I claim that all such permutation-invariant tensors can be expressed as linear combinations of terms that are tensor products of power-sums of the form $\sum_{i=1}^n v_i^{\otimes k}$.
For example, $v_1\otimes v_1\otimes v_2+v_2\otimes v_2\otimes v_1=(v_1^{\otimes 2}+v_2^{\otimes 2})\otimes (v_1+v_2)-(v_1^{\otimes 3}+v_2^{\otimes 3})$.
I would like to find out whether such a theorem is known, or if it is incorrect.
Best Answer
Your claim happens to be correct for $n=2$, but is false for $n \geq 3$, as I show below. For convenience, I omit the "tensor product" symbol in my computations ; you just need to remember that multiplication is not commutative in my notation.
Denote by $B$ your set of $n$ vectors $v_1,\ldots,v_n$. Recall that a pure tensor is a tensor of the form $b_1b_2\ldots b_k$ where each $b_i$ is in $B$. In general, a tensor will not be pure but will be a linear combination of pure tensors. The action of $S_n$ on all tensors restricts to an action on pure tensors ; for a pure tensor $p$, denote by $Orb(p)$ the orbit of $p$ under this action (thus $Orb(p)$ is a finite set with cardinality dividing $|S_n|=n!$) and let $s(p)=\sum_{q\in Orb(p)}q$. Then, the $s(p)$ form a basis of the subspace of permutation-invariant tensors. The question is therefore whether every $s(p)$ is in your subspace defined by power sums (let us call this subspace $T$).
Let $p$ be a pure tensor, we can uniquely write $p=b_1^{e_1}b_2^{e_2}\ldots b_l^{e_l}$ where each $b_i$ is in $B$, $b_{i+1}\neq b_i$ ; we call $l$ the complexity of $p$. By extension, the complexity of a linear combination of pure tensors is the largest complexity of the component tensors.
For $n=2$, your claim is true because of
Lemma. Suppose $n=2$ and let $p=b_1^{e_1}b_2^{e_2}\ldots b_l^{e_l}$ as above, $q=b_1^{e_1}b_2^{e_2}\ldots b_{l-1}^{e_{l-1}}$ and $r=b_l^{e_l}$ (so that $p=qr$). Then $s(p)-s(q)s(r)$ has complexity $\lt l$.
Proof of lemma.

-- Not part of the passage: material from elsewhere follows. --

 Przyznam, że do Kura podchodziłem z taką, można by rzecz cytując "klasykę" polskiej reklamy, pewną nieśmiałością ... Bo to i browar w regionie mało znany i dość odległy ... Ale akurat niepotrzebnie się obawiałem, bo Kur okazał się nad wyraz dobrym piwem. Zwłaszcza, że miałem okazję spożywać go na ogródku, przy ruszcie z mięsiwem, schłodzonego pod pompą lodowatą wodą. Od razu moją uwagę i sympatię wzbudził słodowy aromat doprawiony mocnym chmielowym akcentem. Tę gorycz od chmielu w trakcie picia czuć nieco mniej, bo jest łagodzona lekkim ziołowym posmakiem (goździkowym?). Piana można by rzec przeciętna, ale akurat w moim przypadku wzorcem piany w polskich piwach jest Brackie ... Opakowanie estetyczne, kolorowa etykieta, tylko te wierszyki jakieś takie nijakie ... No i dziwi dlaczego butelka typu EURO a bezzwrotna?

Let $\tau=(1,2)$ be the unique non-identity element of $S_2$. Then $s(p)=p+\tau(p)$ for every $p$. Hence
$$s(p)-s(q)s(r)=(p+\tau(p))-(q+\tau(q))(r+\tau(r))=q\tau(r)+\tau(q)r=s(q\tau(r))$$
and $q\tau(r)=b_1^{e_1}b_2^{e_2}\ldots b_{l-1}^{e_{l-1}+e_l}$ has complexity $l-1$. QED
Once we have the lemma, it is easy to deduce that every $s(p)$ is in $T$ by induction on the complexity of $p$.

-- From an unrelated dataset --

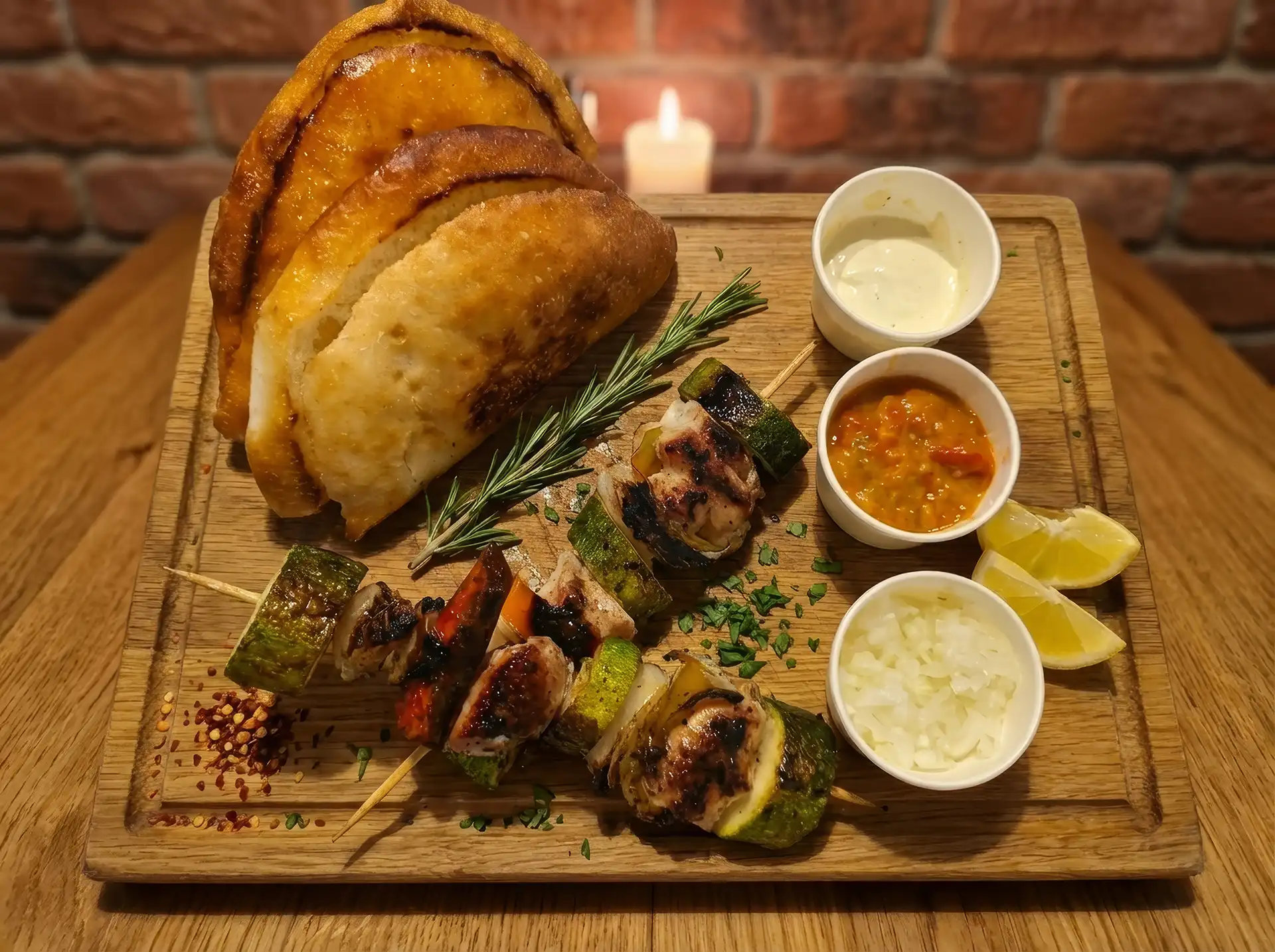 Marinated chicken fillet skewers grilled with seasonal vegetables (onion, pepper, squash — or the best market finds of the day). Served with warm lepinja bread, onions, and smoky ajvar.

When $n\geq 3$ however, there is a dimension mismatch : for tensor products of three elements, the permutation-invariant subspace has dimension $5$ with basis $s(v_1^3),s(v_1^2v_2),s(v_1v_2^2),s(v_1v_2v_1),s(v_1v_2v_3)$. The corresponding subspace of $T$ has dimension $4$ with basis $t_1^3,t_1t_2,t_2t_1,t_3$.